The Fever
Page 13
And so, between 1999 and 2004, 95 percent of children with malaria in Africa got treated with the old standby chloroquine. At least half the time, the drug failed to work. Some patients improved slightly, and perhaps felt a bit better, thanks to the drug’s fever-reducing effects,176 but they remained infectious, and were likely to relapse. Others simply failed to recover at all.177
This situation, after the world’s leading health authorities had clearly sanctioned better drugs, led to a huge and caustic outcry among African and malaria aid physicians. Donors’ reluctance was “frankly, very difficult to understand,” said Médecins Sans Frontières’ Bernard Pécoul.178 “I couldn’t believe my ears,” said Binka. “If a physician went to Burma and prescribed chloroquine, they would be negligent,” said Canadian health lawyer Amir Attaran. “When UNICEF does the same,” he added archly, “it’s called ‘international aid.’”179
International capital finally started to mobilize for ACT drugs in the years after 2004. The Global Fund agreed to provide funding for health ministries to purchase the drugs,180 and other drug companies, in partnership with nonprofit aid organizations, started developing alternative ACTs, loosening Novartis’s monopoly.181 The nonprofit Institute of Medicine of the National Academies recommended a new global subsidy, to the tune of $500 million every year, to help pay for ACTs (and future malaria drugs), and international experts started scheduling meetings to explore the possibilities.182 In late 2008, the Global Fund agreed to bankroll a preliminary $6 million for the subsidy.183
When there is a lucrative market to be tapped—say, arthritis sufferers or people with high cholesterol—drug makers can rush a new drug from the lab to the market in under a decade.
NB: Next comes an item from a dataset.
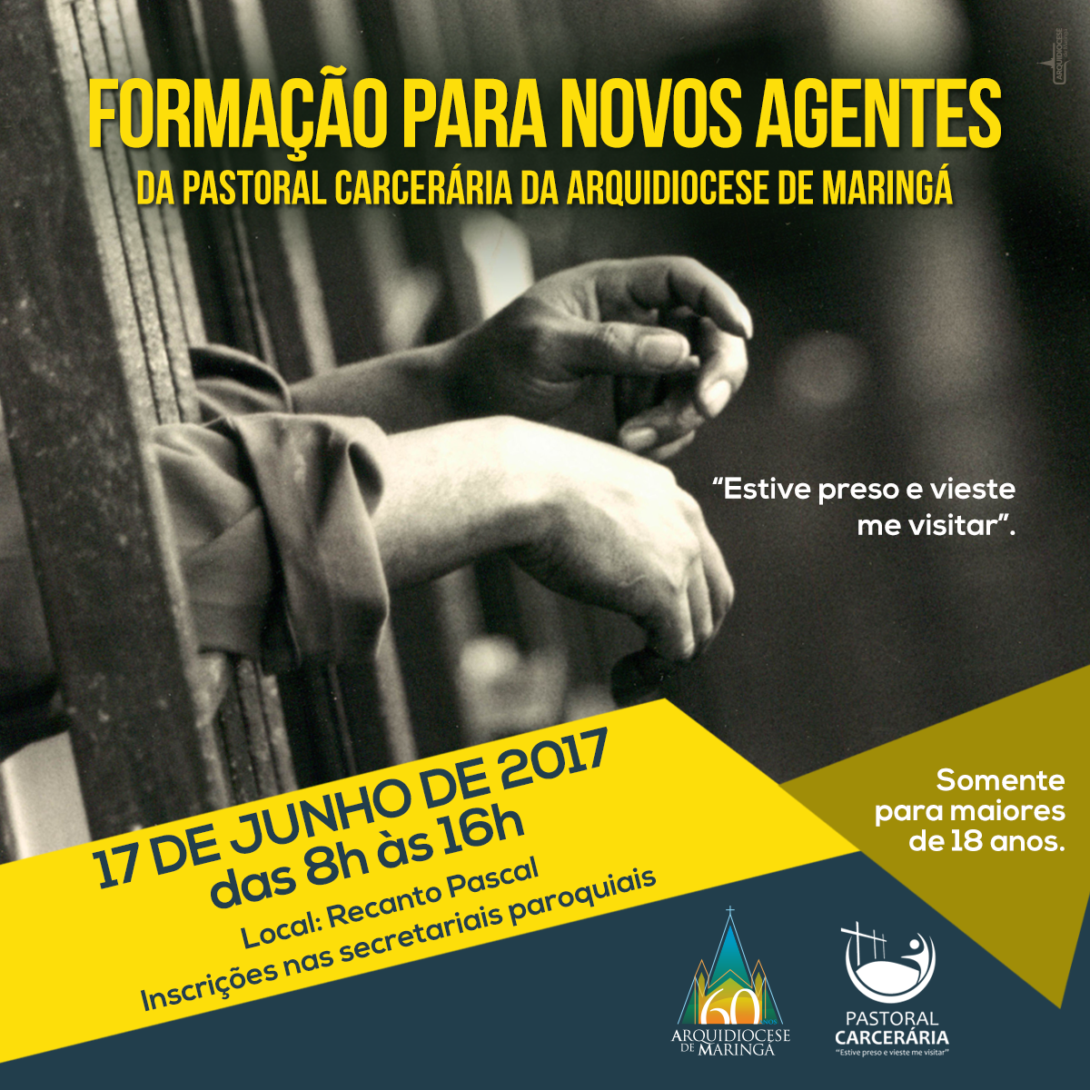 A Pastoral Carcerária da Arquidiocese de Maringá promoverá formação para novos agentes no dia 17 de junho das 8h às 16h no Recanto Pascal – saída para Campo Mourão.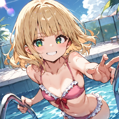 pool, frilled pink bikini, smile, action pose, lens flare

The system for developing and distributing drugs for public health—to supply to people who earn less than a buck a day—is significantly slower. Between artemisinin’s development in 1972 and the international community’s support in 2004, more than three decades passed. But by then it was arguably already too late.184
Over the decades, while the international community argued and deliberated, the malarious masses grabbed hold of whatever artemisinin they could, and the drug leaked out, in hobbled, diluted forms. Drugmakers seeking to turn a small profit, vendors unable to maintain the drug’s exacting conditions, downright criminals—together they all attenuated artemisinin’s potency against Plasmodium.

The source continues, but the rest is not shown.